Yep. “Amazin'” is the only way to describe the plans afoot for the much-ballyhooed and disturbingly controversial Sinodo para a Amazonia. Amazonia is a general term for the area encompassing the Amazon basin, which stretches over eight nations covering roughly a third of South America. The Amazon Synod, planned for October 2019, is an ambitious attempt to address a wide variety of ecological, political, economic, and even religious challenges confronting the inhabitants of that critical–yet troubled–region of our planet.
The working document (Instrumentum Laboris in Latin) for the synod came out a few weeks ago, and it created quite a stir in what Catholic World Report describes as “certainly of the kitchen sink variety. It has all the bullet points: everything anyone could want, and more.”

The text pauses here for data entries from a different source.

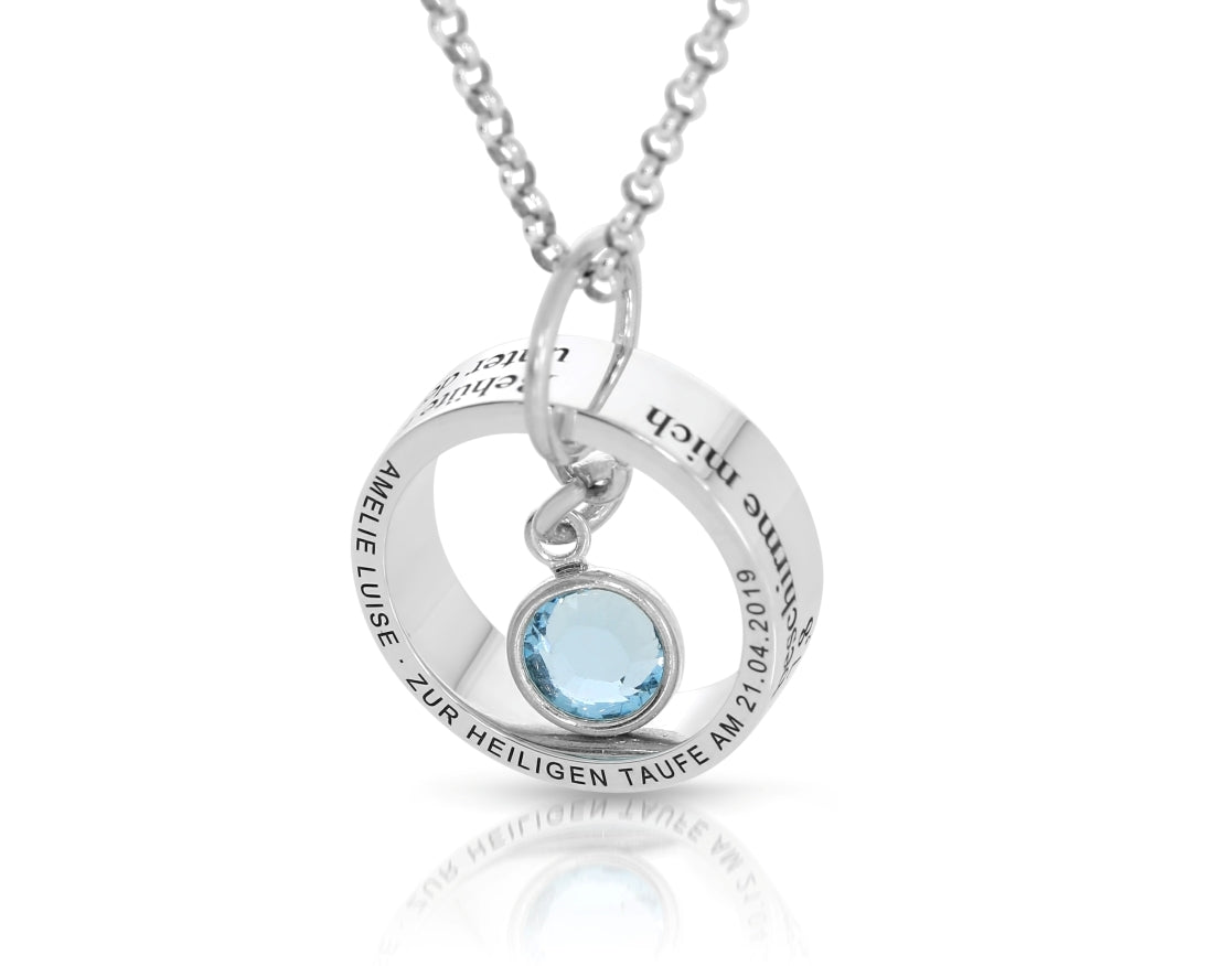 Ein wunderschöne Taufkette aus 925 Sterling Silber mit einem besonderen Ringanhänger designed mit Ihren Wunschnamen bzw. Wunschtext. In dem Anhänger hängt ein Swarovski Geburtsstein in der Farbe des Geburtsmonats oder in Ihrer Wunschfarbe.
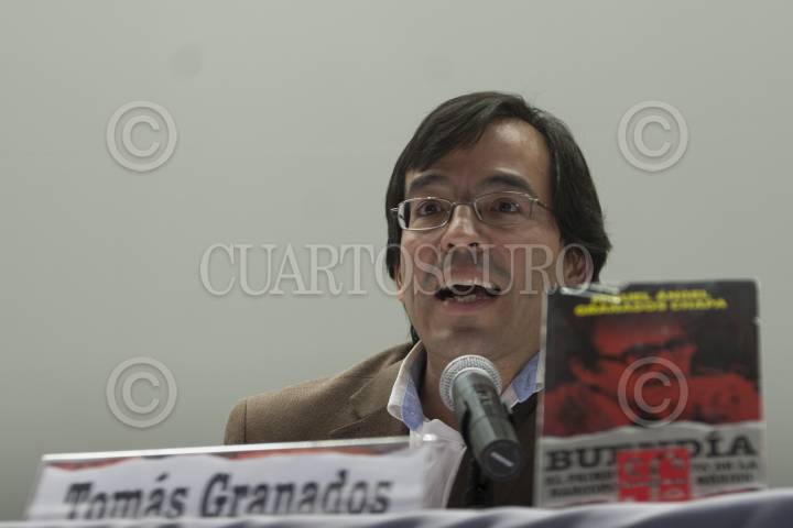 MÉXICO, D.F. 16OCTUBRE2012.- El escritor y periodista, Tomás Segovia, Carlos Díaz, Carmen Aristegui, José Reveles y Tomás Granados hijo del fallecido periodista, Miguel A. Granados Chapa, presentaron el libro de su padre "Manuel Buendía, el primer asesinato de la narcopolitica mexicana" que casi lo termina y su hijo retomó para detallar, la noche de hoy en la libreria Rosario Castellanos ante un auditorio abarrotado. FOTO: FRANCISCO RODRÏGUEZ /CUARTOSCURO.COM
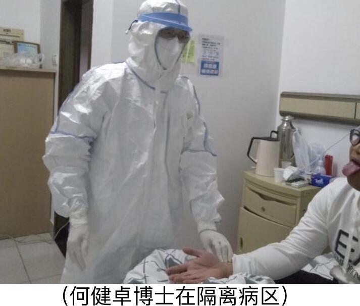1 月 23 日除夕夜,医院迅速组建防治新冠肺炎应急医疗队,并开设隔离病区。何健卓第一时间退掉与家人旅行的机票及酒店,第一个主动请缨加入第一批隔离病区抗疫队伍。
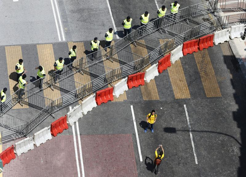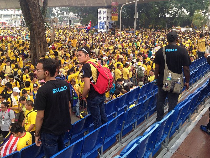 1.40 petang: Berbanding semalam, peserta Bersih 4.0 pada Ahad tidak lagi dibenarkan duduk di kerusi bertingkat yang disediakan sempena sambutan Hari Kebangsaan. Kawasan tersebut dikawal oleh petugas AMK.
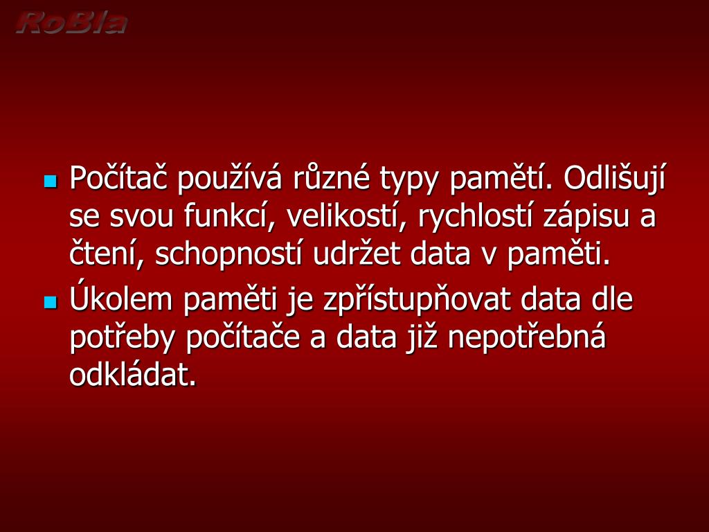Počítač používá různé typy pamětí. Odlišují se svou funkcí, velikostí, rychlostí zápisu a čtení, schopností udržet data v paměti. • Úkolem paměti je zpřístupňovat data dle potřeby počítače a data již nepotřebná odkládat.
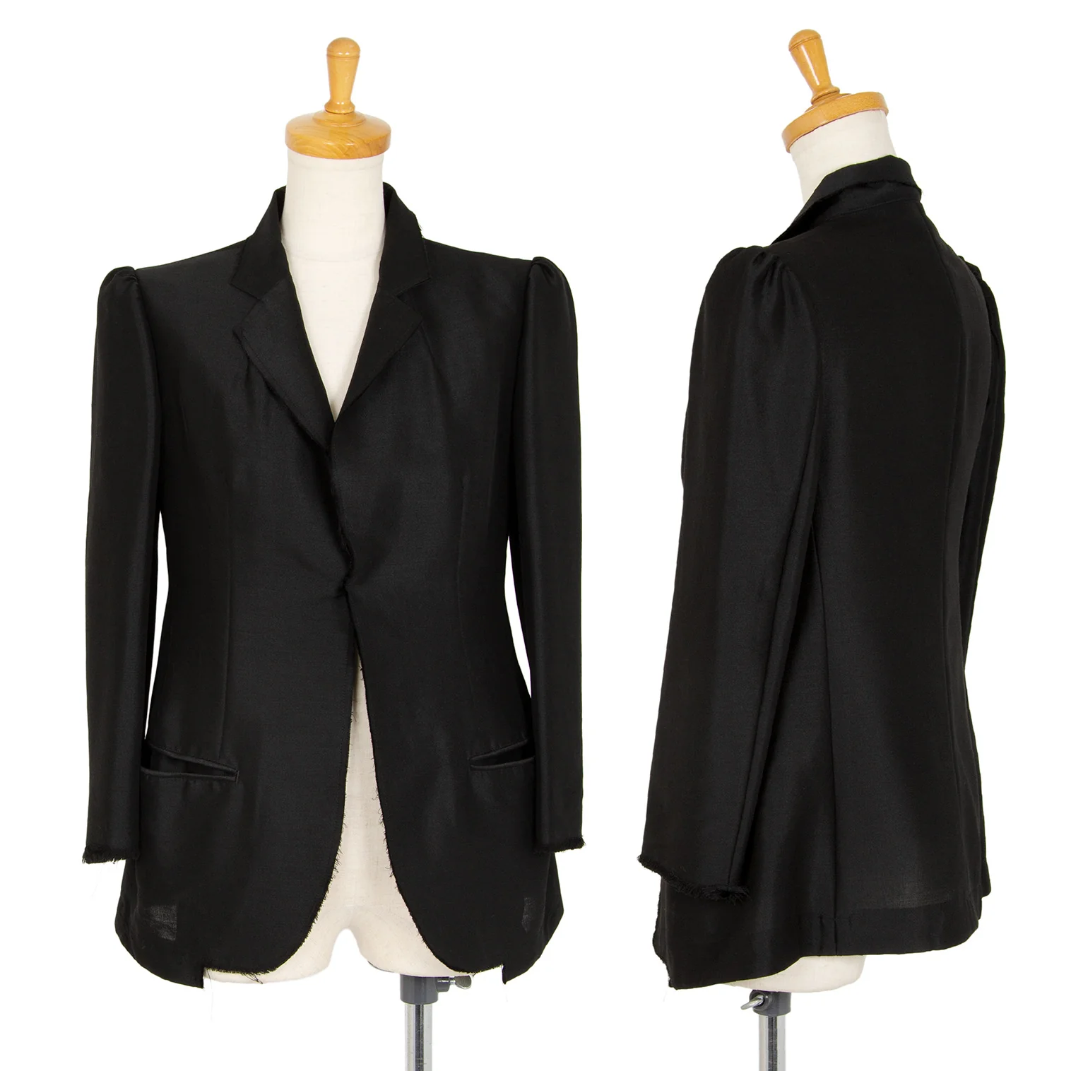ヨウジヤマモト ファムYohji Yamamoto FEMME モヘヤシルク裁ち切りパフスリーブジャケット 黒1

The document is long. Translated from the Portuguese original, the Spanish version of The Amazon: New Paths for the Church and Integral Ecology comes in at twenty-two thousand words, give or take, footnotes included. It is articulated in three parts: of four, nine, and eight chapters, respectively, over one hundred forty-nine numbered paragraphs. The major divisions are: “The voice of Amazonia”; “Integral Ecology: The Cry of the Earth and of the Poor”; “A Prophetic Church in Amazonia: Challenges and Hopes.”
There is absolutely no doubt that Amazonia–both the region itself and more particularly its indigenous peoples–have been shamelessly and brutally exploited over the centuries. That the Church should address such injustices seems to us here at CCM to be entirely proper. But the working document frequently goes off in odd directions. (So odd, in fact, that Walter Cardinal Brandmüller calls the working document for the Synod “heretical” and an “apostasy” from Divine Revelation.
As William Kilpatrick says in an essay for Crisis Magazine:
The most ironic thing about this new venture into the primitive is that some of the prime movers are the leaders of the Catholic Church. Take the upcoming Amazon Synod. The working document for the Synod does makes some valid observations about the biological and climatological importance of the Amazonian region and about the exploitation of the Amazonian people. But when it comes to describing the peoples, the “Voice of the Amazon” sounds suspiciously like the voice of Rousseau—or better, the voice of Rousseau harmonized with the voice of Pierre Teilhard de Chardin, and elevated to the cosmic level. Thus:
- A fundamental aspect of the root of human sin is to detach oneself from nature… (99)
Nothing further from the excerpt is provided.